In Vorarlberg ist irgendwie nichts normal. Der Vorarlberger, zu Hause im Hochlohn-Bundesland, geht, um gut zu verdienen, nach Liechtenstein oder in die Kantone. Die Landeshauptstadt hat zwar einen feschen See, aber nur am drittmeisten Einwohner im Land. Die Stadt Dornbirn hat mehr Einwohner als die Bezirke Reutte, Landeck oder Lienz, aber als Wahrzeichen keine stolze Burg, sondern ein mit Ochsenblut und Oschsengalle rotgefärbtes Bauernhaus. Kein Wunder dass auch im Fußball nichts so läuft, wie man es erwartet. Es blibt halt alls andaescht.

 

Auf, nicht ab

Das Rheintal hat mit gut 250.000 Einwohnern einen Einzugsbereich, der mit Innsbruck vergleichbar ist. Die seit Jahren unangefochtene Nummer eins des Ländles findet sich aber nicht in Dornbirn, Feldkirch, Bregenz, Lustenau, Hohenems, Bludenz, Hard, Rankweil, Götzis, Lauterach, Wolfurt oder Höchst. Sondern im mit der Unglückszahl behafteten, dreizehntgrößten Ort der Metropolregion, Altach. Während dort an einem Stadion gebaut wurde und an einem Trainingszentrum gewerkelt wird, versprühte die Birkenwiese in Dornbirn den Charme der 70er-Provinzklubs. Holzbänke, das zarte Rauschen der nahen Ach und die absurde Besonderheit eines mächtig aufragenden Baumes direkt hinter dem Tor, noch innerhalb der Laufbahn, die Feld und Zuschauer trennte. In diesem Stadion haben die Rothosen des FC ihre Heimat, hier durften sie im vergangenen Sommer den Meistertitel der Regionalliga feiern. Mit dem deklarierten Ziel Klassenerhalt, nicht mehr. Nach drei Runden hielt man nach Auftakt-Niederlagen gegen Lustenau und Innsbruck und einem torlosen Remis gegen Klagenfurt bei einem mageren Punkt und einem mageren Tor, die Richtung schien vorbestimmt. Pustekuchen. Denn in den ersten beiden Runden verlor man doppelt so oft wie in den kommenden zwölf, zwischen 1. September und 23. November musste man sich mit keiner einzigen Liga-Niederlage auseinandersetzen. Man war Aufsteiger, nicht designierter Absteiger.

Weg, nicht da

Nur gegen die ganz großen tat man sich wirklich schwer. Der Start in die Liga war ebenso schwer wie die letzten drei Partien. Gegen Ried setzte es zwei Klatschen mit 0:9 Toren, nicht der beste Abgang in den Winter. Dementsprechend bedient torkelte man in den Frühjahrsauftakt, auch das zweite Derby gegen Lustenau ging mit 1:4 deutlich verloren.

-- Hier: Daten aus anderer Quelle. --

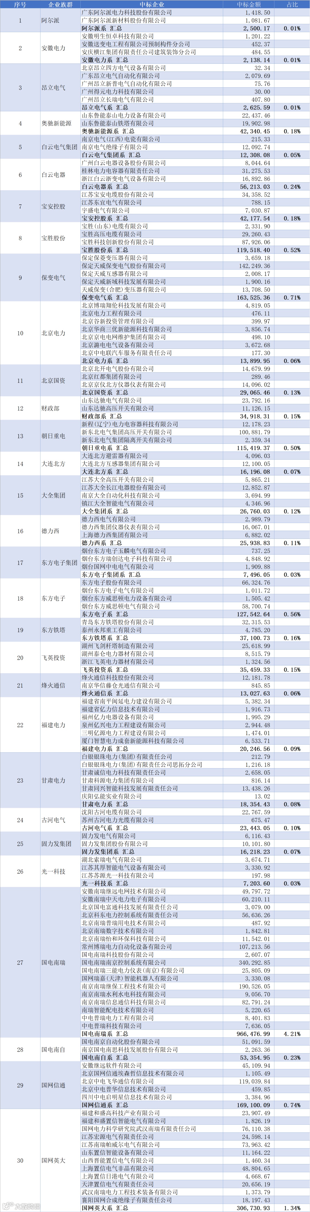 泰开集团系有10家企业中标,合计中标金额约21.22亿元,占比约0.9%
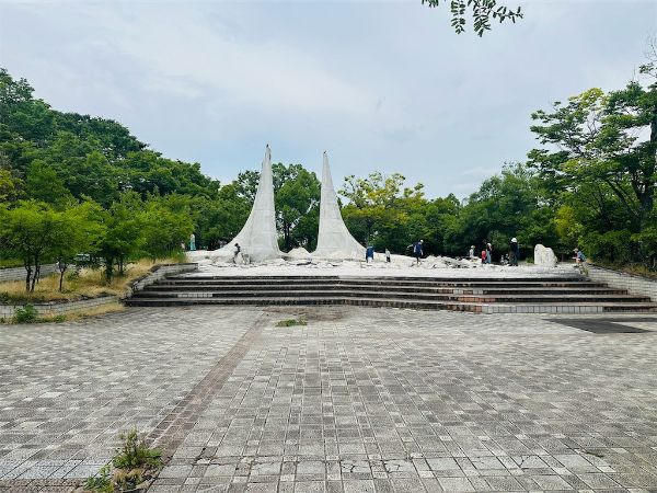 遊具の近くには広島県出身の彫刻家 杭谷一東さんによるモニュメント「太陽の滴」があり、公園のシンボルになっています。

Und das, obwohl die Bewerbsspiel-freie Zeit eigentlich gutes verheißen hatte. Zunächst sicherte man sich in einer Mannschaft der Namenlosen einen ehemals großen Namen: Christopher Drazan wurde verpflichtet, der 29jährige Mittelfeldspieler mit 144 Spielen für Rapid Wien und vielen weiteren für den LASK, Erfurt, Kaiserslautern und so manch anderen Verein. Zusammen mit dem 20jährigen Innenverteidiger Leonardo Zottele, der bei Altach im Kampf ums Stammleiberl scheiterte, füllte man den mit drei Abgängen geschmälerten Kader auf zumindest 20 Feldspieler und zwei Tormänner auf, mit nur vier Legionären und einem Durchschnittsalter von 24,1 Jahren. Es kam aber wieder einmal anders, in Dornbirn hat man nicht so viel Glück bei Transfers. Drazan hat seine Fitness nach erneuten Knieproblemen, die ihm kein einziges Spiel in Vaduz erlaubten, noch nicht gefunden und wurde nicht einmal im Derby-Kader berücksichtigt. Dort fand sich zwar Zottele und spielte durch, die Leihgabe von den Rheindorfern musste aber schon in den Vorbereitungsspielen ordentlich einstecken. Gegen Hohenems wurde er vom Platz getragen, das MRT ergab ein kleines Knieproblem. Ein paar Tage später krachte es im Test gegen Altach im Knöchel, man befürchtete Schlimmeres. In etwa so wie bei Timo Friedrich, dem 22jährigen Kapitän der Dornbirner, der in der bisherigen Saison ganze 14 Minuten auf den Platz brachte, nachdem in der allerersten Trainingseinheit im Sommer sein Meniskus so geschädigt wurde, dass er zweimal operiert werden musste.

Alt, nicht jung

Kein Wunder also, dass man bei all diesen Erfahrungen ruhig und behutsam in das Jahr 2020 starten wollte. Man lud sich eine gediegene Altherren-Truppe zum ersten Frühjahrstest, deren Kraft nach 15 Minuten und Toren von Benjamin Pranter und Zlatko Dedic verpulvert war. Nicht nur gegen die im zweiten Durchlauf völlig kaltgestellte WSG (1:2), auch gegen Bundesligist Altach setzte es nur eine knappe Niederlage (0:1), in drei weiteren Vorbereitungsspielen schoss man sich mit 11 Toren warm – Dornbirn ist nicht zu unterschätzen. Wenn die Mannschaft am Sonntag Vormittag dann nicht nur von den treuen Rothosen-Fans, sondern auch von der wahlkämpfenden und ehrenanstoßkickenden Bürgermeisterin unterstützt wird, darf man sich keine Geschenke erwarten. Die Buben können tschuttn.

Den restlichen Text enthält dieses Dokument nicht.